Outras vezes, o catador herdou o ponto de seus pais, como contou uma mulher que sobrevive do material de um prédio que a cada dia da semana é recolhido por ela ou um dos seus três irmãos desde que sua mãe falecera e o gerador decidira continuar doando para a família dela. Essa família hoje sustenta seus filhos com o dinheiro desse material doado para (herdado por) eles.
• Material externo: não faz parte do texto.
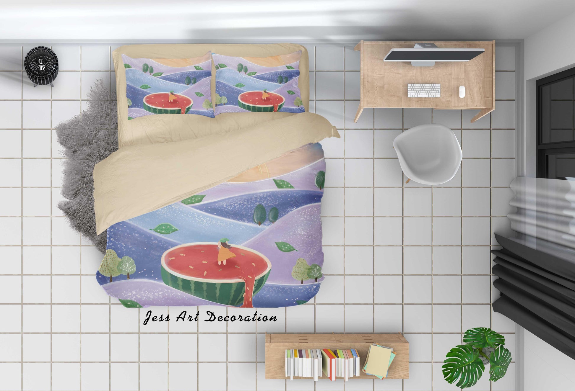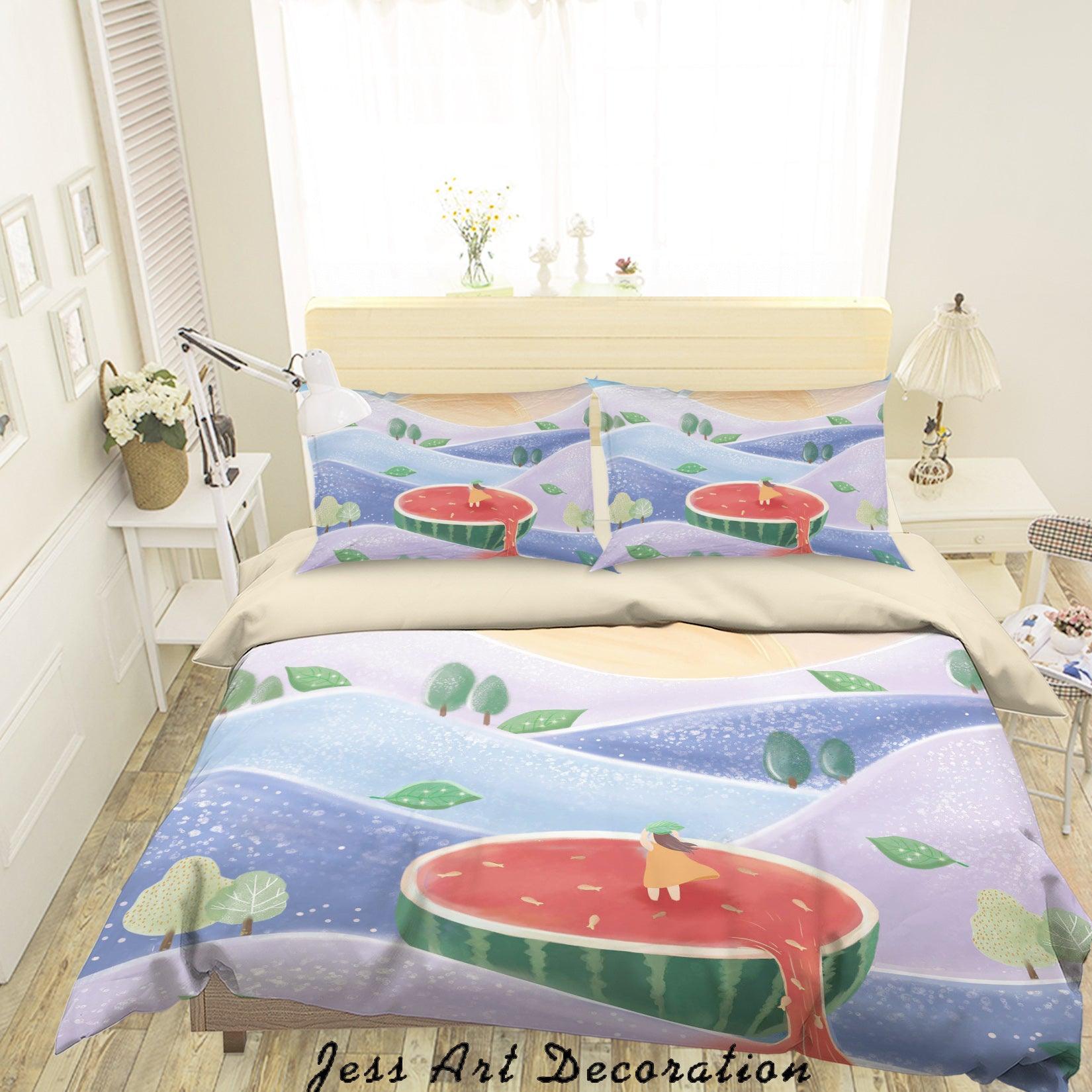 3D Cartoon Hill Watermelon Girl Quilt Cover Set Bedding Set Duvet Cover Pillowcases A608 LQH

Uma senhora conta que o pessoal da Comlurb foi quem a sugeriu para que fosse trabalhar nesse galpão, na época em que ele era denominado como cooperativa. Seus filhos que trabalham com ela desde pequenos também teriam ido junto: “Graças a Deus, criei todos os filhos com isso

aqui [com a catação]”. Conta que o pai a tirou de casa pra cuidar da madrasta doente, depois foi

trabalhar em casa de família até que decidiu deixar o trabalho porque estava “enjoada” e, à medida que ia conversando com o pessoal da rua, aprendeu a vender frituras e amendoim até que

se tornou catadora. Segundo ela, foi ao vender papelão que se “fez na vida” e comenta:

Tentei ser para os meus filhos a mãe que nunca tive. Nem J, nem S nunca passaram pelo que eu passei. [...] Graças a Deus trabalho por minha conta. Só para mim. Para mim, não, para as minhas netinhas também.

Cada um de seus filhos cuida de seu negócio separadamente. De acordo com ela, antes de vir para a associação a única queixa que tinha da catação era o fato de que quando chovia o comprador se recusava a negociar o papel molhado. Com o galpão isso teria mudado, pois o teto os protegia e ao material.
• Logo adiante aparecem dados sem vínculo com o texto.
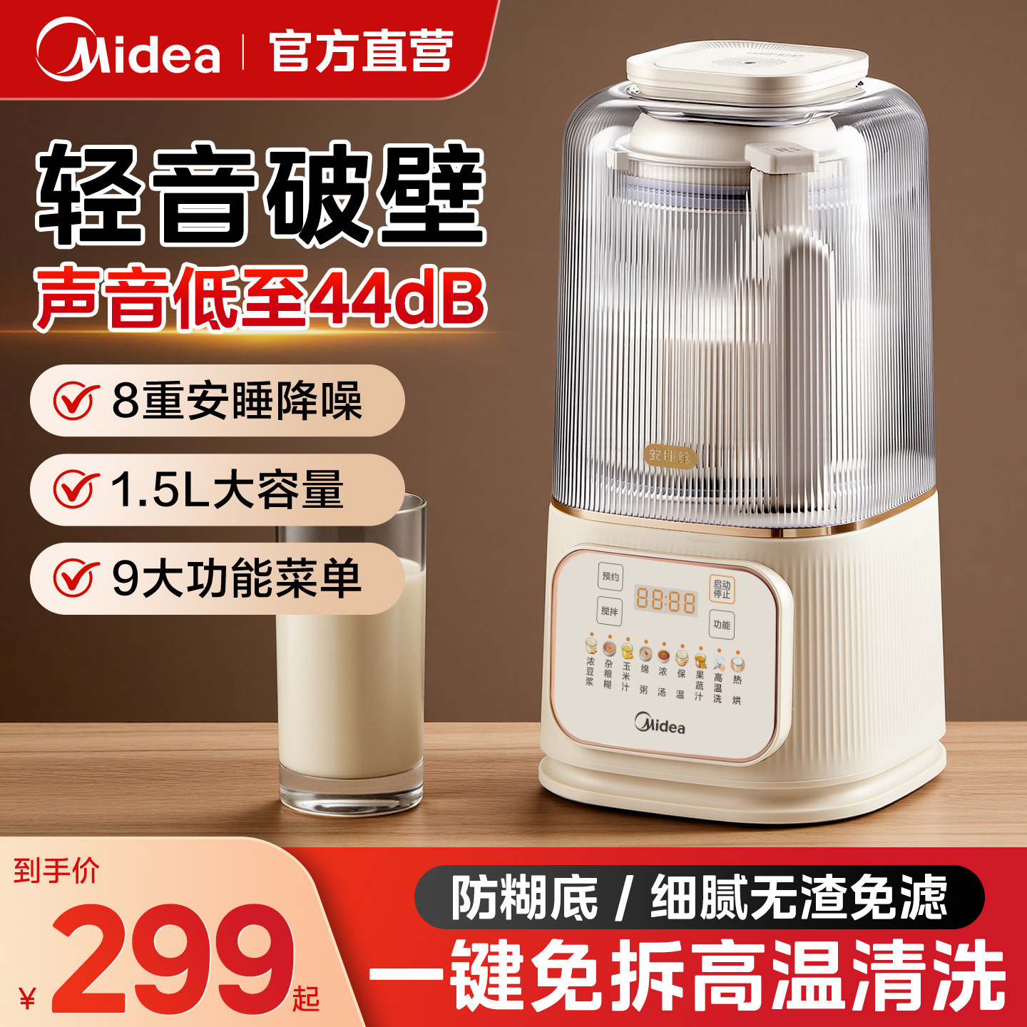 美的安睡破壁机家用多功能低音柔声豆浆机可拆洗全自动料理烹饪机

Esse grupo de catadores não é o único grupo a catar no Centro. Há muitos catadores autônomos que trabalham nas ruas coletando e separando pelas calçadas ao anoitecer e que vendem pela manhã em algum sucateiro ou em caminhões que, embora raros, ainda existem. Em visita realizada nas suas ruas no período noturno, percebeu-se o anseio deles de que tivessem oportunidade igual aos catadores da associação, de que possuíssem um espaço para desempenharem o trabalho deles sem estarem submetidos às condições mínimas de trabalho nas calçadas das ruas.